La voie dans laquelle s’engage le gouvernement est donc celle d’une atteinte massive aux droits fondamentaux des personnes détenues en remettant au goût du jour des dispositifs abandonnés pour leur nocivité et leur antagonisme profond avec les droits de l’homme. Sans que cette régression ne garantisse que soit atteint l’objectif de sécurité qu’elle prétend poursuivre. Ainsi que l’expliquait très récemment l’ancien Contrôleur général des lieux de privation de liberté Jean-Marie Delarue[4], « ce n’est pas en multipliant les mesures de force et de contrainte que l’on va renforcer la sécurité dans les prisons. […] Plus de sécurité, c’est renforcer le modèle français dans ce qu’il a de plus négatif. Je crois qu’il faut dans l’intérêt même des surveillants renforcer un lien de confiance, construire les détenus comme des personnes responsables et à ce moment-là la sécurité reviendra dans les prisons. »
« Reconnaître la prison comme une violence institutionnelle nous semble être un préalable à toute réflexion sur les causes et les réponses » à apporter aux violences, affirmait le Syndicat national des directeurs pénitentiaires en 2010. Or, avec ces propositions, le gouvernement passe à côté des causes de cette violence : les conditions indignes de détention, aggravées par la surpopulation, l’absence de sens d’une peine sans contenu, la déshumanisation des relations entre surveillants et personnes détenues, la confiscation de la parole et de tout moyen de protestation…
En allant dans le sens de certaines revendications des syndicats de surveillants, le gouvernement fait le choix de ne pas écouter d’autres voix, qui au sein de l’administration pénitentiaire, ont pu appeler à une autre politique ces dernières années. Enterrées, les conclusions d’un groupe de travail composé de personnels pénitentiaires et de chercheurs qui, afin de réduire la violence en prison, appelait en 2007 l’administration pénitentiaire à « questionner et mettre à plat l’ensemble de son dispositif sécuritaire défensif » et « donner sa place à la dignité des relations sociales en développant la vie sociale en détention » – donc à l’exact opposé de ce qui est proposé aujourd’hui, où l’accent est mis sur l’isolement et la répression. Oublié, le Rapport Brunet-Ludet[5] sur l’expression collective des détenus qui expliquait qu’« il est nécessaire de pouvoir construire un système de relations sociales internes qui associe la parole de ceux qui sont gardés avec celles de ceux qui gardent afin de désamorcer certains conflits, de libérer l’espace de la parole et de créer les échanges sociaux, propres à tout milieu où des hommes vivent ensemble et cohabitent, fût-ce malgré eux. » L’illusion sécuritaire semble avoir de beaux jours devant elle.

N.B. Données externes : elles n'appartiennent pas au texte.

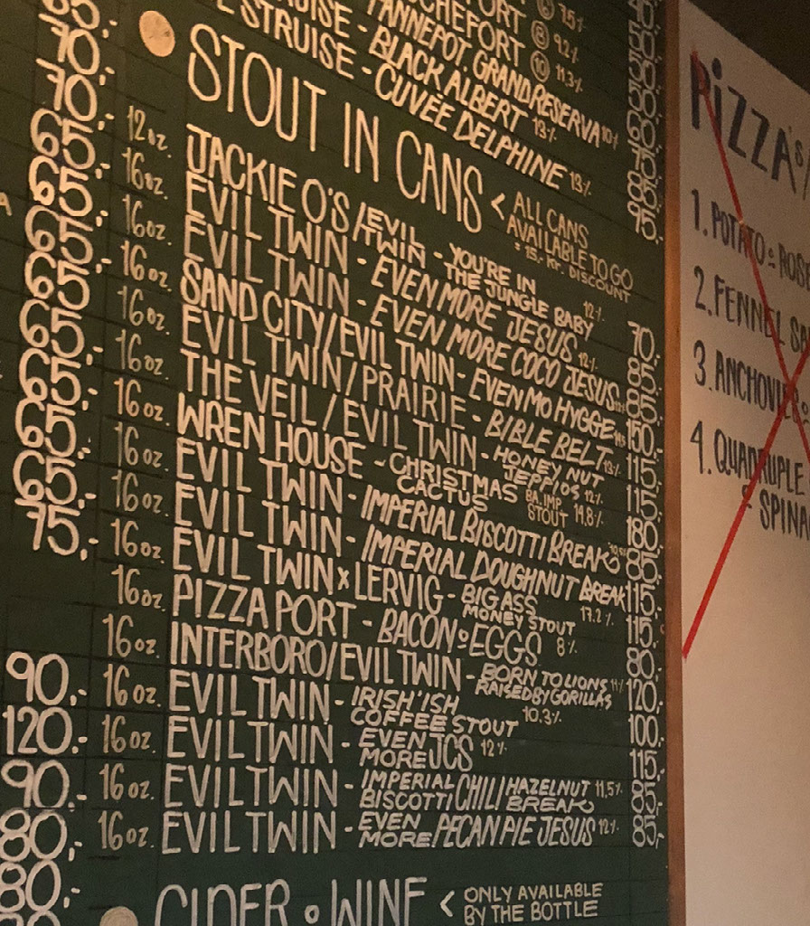 A further 10 or minutes later and we’re finally at Evil Twin/Himmeriget. The very first thing that my eyes are drawn to is a drink named after my first ever username on a computer of any sort (albeit one letter missing).

Contact presse : Pauline De Smet – 07 60 49 19 96
[1] Ainsi que le soulignait la CNCDH en 2004 dans une étude sur les droits de l’homme en prison, 11 mars 2004.
[2] Cf tract de l’UFAP du 25 janvier 2018.
[3] CEDH, 2006, Frérot c. France.
[4] Invité des Matins de France Culture, mardi 23 janvier 2018.
[5] Le droit d’expression collective des personnes détenues, 2010.